The Good War Goes Bad

History will judge the success of America’s military strategy in Afghanistan, but it is already possible to see that the political strategy is not going as planned.

The traditional media with the resources to cover Afghanistan have been content to mostly ignore it in recent years, and so have their war-weary readers and viewers, but the rioting, killings, and mass chaos that have occurred there since the burning of some Korans last week have unavoidably brought the troublesome country back to the public’s attention. The news media haven’t launched the same kind of defeatist blitzkrieg that attended similar setbacks in Iraq and Afghanistan during a previous administration, but the coverage has been sufficient to create a political problem for President Barack Obama.

Most Americans will regard the incineration of the Korans as one of those unfortunate but forgivable episodes that occur in the course of every war, as the Korans in question had already been desecrated by prisoners using them to convey illicit communications and apparently were inadvertently destroyed, but the administration’s response to the incident will be more controversial. Rather than keeping quiet about an honest error that was almost certain to provoke rioting, killing, and mass chaos if it became public knowledge, which in retrospect seems a good idea, the administration apologetically announced it to the Afghan public. Critics have mostly objected to the numerous apologies offered by Obama and his emissaries, saying it conveys weakness to a culture that instinctively preys on the weak, and while the administration’s defenders can say the gesture showed cultural sensitivity they can’t convincingly argue that it worked.

Worse yet, for an administration already beset by a series of crises in an unraveling Middle East, the whole Afghanistan enterprise is being looked at anew by an increasingly skeptical electorate. A strategy that seemed carefully devised to offer something for everyone know seems to have something for everyone to dislike.

After becoming a nationally known political figure by his outspoken opposition to the war in Iraq, which endeared him to the bleeding heart peacenik crowd, candidate Obama sought to reassure more hawkish voters that he wasn’t one of those bleeding heart peacenik types by explaining that the Iraq war was bad because it distracted American efforts from the more righteous fight in Afghanistan. Even after winning the election Obama couldn’t resist using the argument when he announced a surge in Afghanistan similar to the one he’d criticized in Iraq, saying it was necessary “to stabilize a deteriorating situation in Afghanistan, which has not received the strategic attention, direction and resources it urgently requires.” Simultaneous with the announcement of a surge, Obama announced a timetable for withdrawal, which was widely criticized as a military tactic but had a strange plausibility as a political tactic to appease both hawks and doves.

For a while it even worked. Congressional Republicans and the right in general were mostly on board with the surge, if only for fear of being called partisan and inconsistent if they objected. Congressional Democrats and the left in general were mostly willing to keep mum and await the promised pre-election withdrawal, with no apparent fear of being considered partisan and inconsistent.

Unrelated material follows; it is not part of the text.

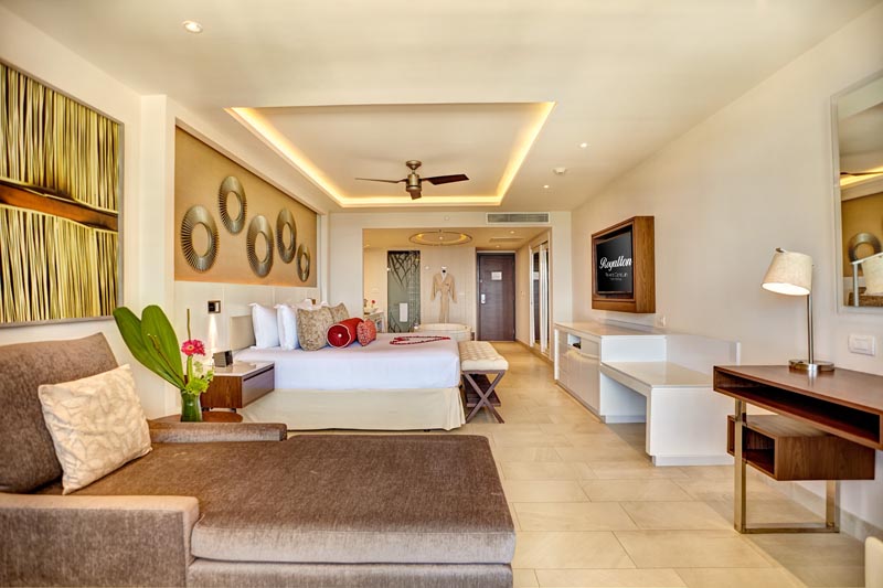 HIDEAWAY at Royalton Riviera CancunRomantically decorated Honeymoon Suite with 1 King Bed. Full bathroom with separated toilet, 2 washbowls and indoor Jacuzzi. Balcony with magnificent views of the ocean. Max Occupancy: 2 Adults.

The mushy middle was happy to forget about Afghanistan, and the media were willing to let them do so. To the extent that Afghanistan had any effect on Obama’s approval numbers, it was probably to his slight benefit.

After a week of horrifying headlines, though, the plan is unraveling. Even the most enthusiastic right wing warmongers don’t see a point in fighting if it’s not to win, and an early withdrawal would leave them wondering why he had sent so many troops in the first place. The anti-war left will be angry if the withdrawal isn’t hastened, no matter how many apologies are issued. The mushy middle will have to hear about it, too, because the media can’t ignore it.